"Break" is the third episode of the third series of British television sitcom, Bottom. It was first broadcast on 20 January 1995.

Plot 
Richie and Eddie return home in the afternoon from the pub, having bought a last-minute 75% discounted seaside holiday to Bridlington, leaving that night at midnight, from dodgy travel agent Bob McMayday – which actually costs £4000 and is actually located in inland Doncaster (it is described in the episode as being a 25-minute drive from Bridlington, but it is actually 62 miles away from Bridlington and the drive between the two towns would take over three times that amount of time). As usual, the two make unlikely plans about getting sex on the holiday. While Eddie announces that he will be making a "mysterious phone call", Richie is overexcited and goes upstairs to try on his swimming trunks, which turn out to be an impossibly small thong, which requires Eddie's assistance (and the violent use of both a hammer and welding torch) to remove.

After the thong incident, Richie decides that they both need to spend the afternoon losing weight to improve their sex appeal, and a series of unsuccessful attempts follows. First, the boys are not fit enough to complete any of the exercises in Richie's father's Luftwaffe training book. Then, home-performed liposuction results in a painful incident involving Richie's penis and a vacuum cleaner. Richie rigs up a refrigerator attached to a pulley to serve as a weight machine, and Eddie adds some extra motivation when he notices a nude picture of BBC broadcaster Desmond Lynam taped to the bottom of the fridge, but the attempt to lift the fridge results in both boys giving themselves a hernia.

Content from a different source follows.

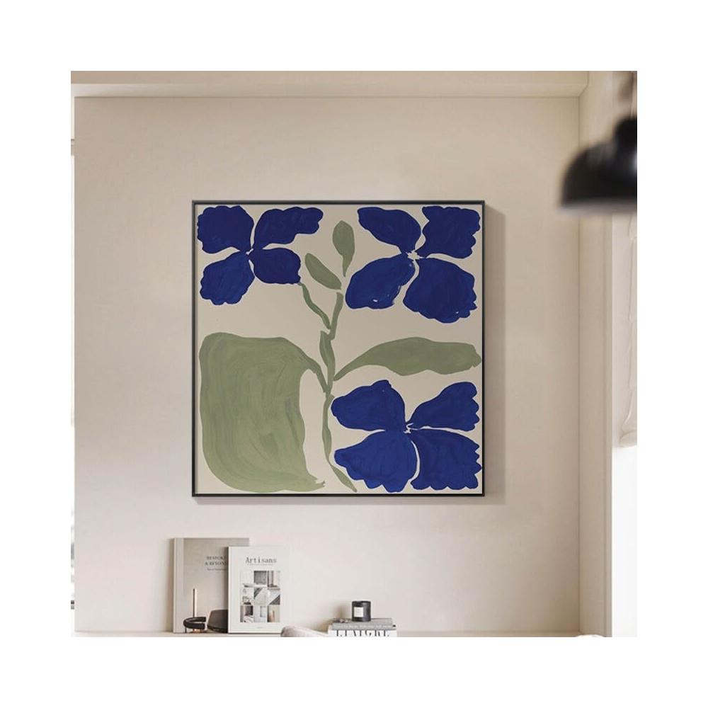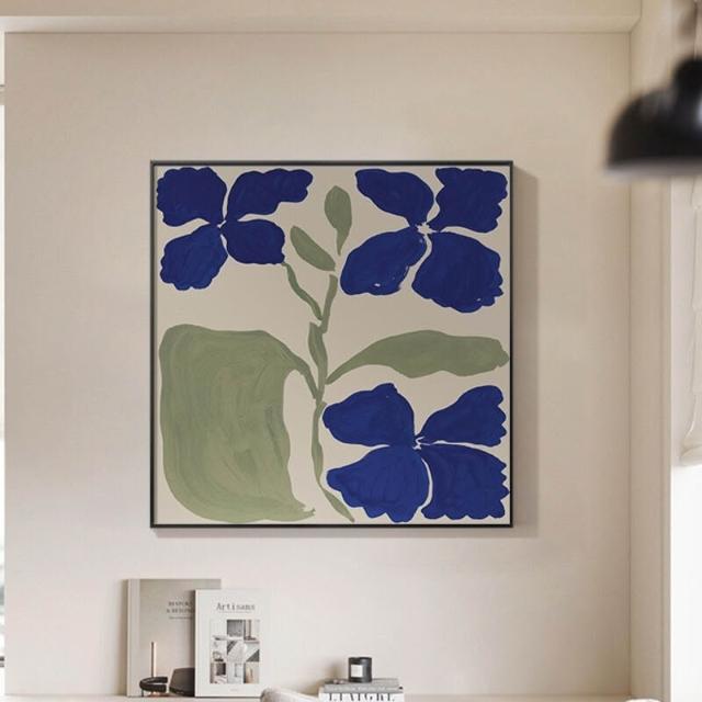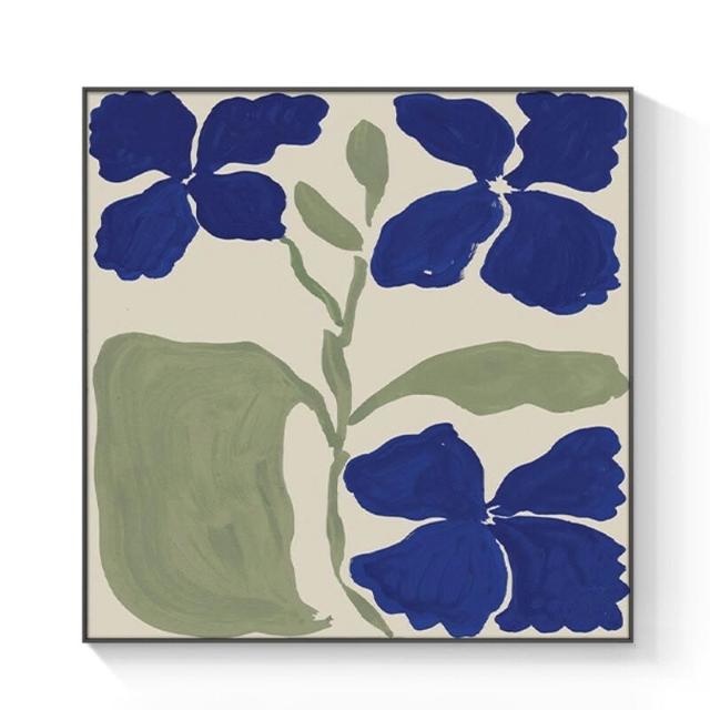 奶油風 藍色花卉 小鋁合金外框裝飾掛畫內框畫無框畫桌面擺畫簡約大氣輕奢落地畫背景墻裝飾框藝術畫

Finally, a treadmill attached to motorcycle ends with Richie falling out of the window when Eddie suddenly stops the motorcycle engine to punch a Mormon at the front door. As punishment, Richie chainsaws Eddie's legs off at the knees; Eddie sews his legs back on the wrong way, forcing Richie to sever them again and re-sew them himself.

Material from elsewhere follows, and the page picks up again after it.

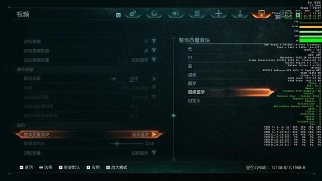在《毁灭战士:黑暗时代》的画面设置中,我们将特性指标和整体质量都设置为超级噩梦。
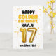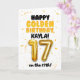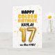 Celebrate your child turning 17 on the 17th, with this Happy Golden Birthday card! Designed in a bright and cheerful gold theme, this card features a fun, bold layout with confetti details and a large gold balloon number. Personalize it with a name on the front and the inside of the card to make their golden birthday extra special!

With Eddie's legs back on, it is now 5 o'clock (seven hours before the bus leaves), and Richie watches an alarm clock with hysterical pre-holiday jitters; so, when Richie suggests checking how long it takes to get to the bus station two streets away, Eddie gladly accepts the opportunity to get out of the flat, and spends the next few hours at the pub. When Richie tries the same round-trip to the bus station, completing it in twelve and a half minutes, Eddie uses the opportunity to steal the holiday money and spends another few hours drinking at the pub. He returns home and has a drunken argument with Richie, who he tries to attack but ends up falling backwards and tearing down the curtains, before passing out on the couch at 11:55. With Eddie unconscious, Richie sneakily tries again to lift the fridge and see the nude photo of Lynam; and, thanks to an answered prayer, is successful. He lies on the floor under the elevated fridge for a close look.

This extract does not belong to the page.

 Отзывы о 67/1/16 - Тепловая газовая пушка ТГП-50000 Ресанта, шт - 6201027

Suddenly, Richie's alarm clock goes off. Eddie wakes up, causing him to dislodge the handlebars which were holding the fridge in the air from the sofa, causing the fridge to fall on Richie's head, trapping him. Eddie taunts Richie for being unable to come on the holiday, and reveals a showgirl from inside the fridge whom he intends to take on the holiday instead (presumably the recipient of his "mysterious phone call" from earlier). To add insult to injury, the photo of Lynam is a forgery (Eddie in a wig), and Eddie kicks the trapped Richie in the genitals.